You should compare Pagespeed insights reports to a well-optimised page, like a small popular article. We don't have a perfect score in general, as some of the suggestions are tradeoffs that aren't necessarily worth building. For instance, we do serve WebP thumbnails, but only for hot enough thumbnails traffic-wise. We don't do it for all thumbnails due to current storage constraints.

Also, newer formats aside, due to the nature of our on-demand thumbnail generation, we can't afford to optimise thumbnails as much as we could, as it would make cold cache hits very slow for users who request new thumbnails. Some of the best JPG optimisers have render times one of two orders of magnitude greater than our current settings. One day we will build an async image optimiser that goes through popular thumbnails and improves them which will give us the best of both worlds, but that's a big undertaking that requires brand new technical architecture.

For CSS/JS inlining, it's a tradeoff as well: inlining means reduced caching across pages. Pagespeed Insights tends to be blind to decisions that make things better when the average user experience is browsing multiple pages. In that case, the cache reuse across pages (probably) offsets the render-blocking nature in most situations. It's a recurring issue with synthetic performance testing tools that only look at a single page load in isolation.

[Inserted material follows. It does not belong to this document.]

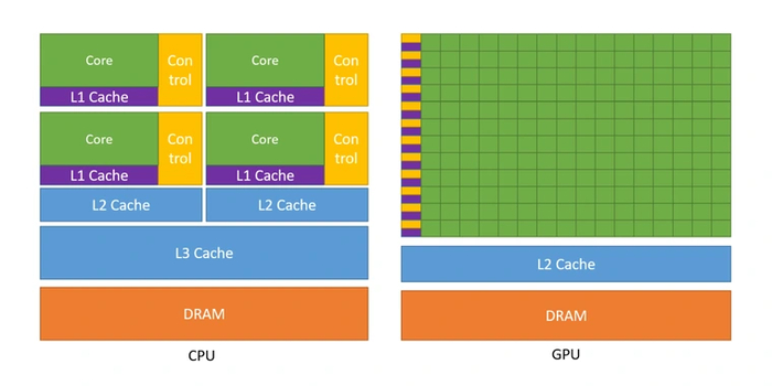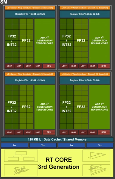У ГП NVIDIA самый маленький вычислительный модуль — потоковый мультипроцессор (Streaming Multiprocessor, SM). К примеру, в видеокарте RTX4090 такой модуль разделен на четыре части, в каждой из которой находится 32 ядра CUDA и одно тензорное ядро. По аналогии с ядром центрального процессора, каждая часть оснащена блоками загрузки данных и регистровым файлом. Общая часть SM содержит 128 КБ кэша, четыре TMU, RT-ядро и процессор обработки геометрии.

They will take an absolutist stance in their advice that assumes cache reuse between pages isn't worth it. Because they're online analysing a single page, the one you gave to the tool.

While Pagespeed Insights gives a great starting point, I would advise against trying to achieve a perfect score at all costs.

The fact that it identified unused JS is great and that's absolutely something to pursue, avoid loading modules that aren't used.

The image size advice it might give is also ignorant of our own caching tradeoffs: a slightly bigger image, albeit of a popular size, will be on average served much faster than an image of exactly the size your container needs but which will be very likely to be requested for the first time. Despite the better fitted smaller image being more lightweight. Pagespeed Insights can't take into account the fact that not all image sizes are cached/rendered equally in our environment and will therefore look for pixel perfection.

Copying information from @Etonkovidova in T271874 which has been merged with this task:

Click on the link - https://commons.wikimedia.org/wiki/Special:MediaSearch?q=tulip&type=bitmap.
Or refresh Special:MediaSearch page with the search results displayed.

The following issues are present

  • The filters are not visible, but the tabs are visible
  • When the search icon and the clear button become visible, the grid images start loading again.

The animated gif below captures the three issues above (it's recorded with slow network connection, but the issues are visible without throttling).

img_not_loaded2.gif (650×1 px, 1 MB)

Note: I checked other pages (Special:Homepage, Special:Search, Special:RecentChanges, and Special:ContentTranslation - all of them display smoother loading (and re-loading).

Closing because the only remaining subtask is backlogged for the time being.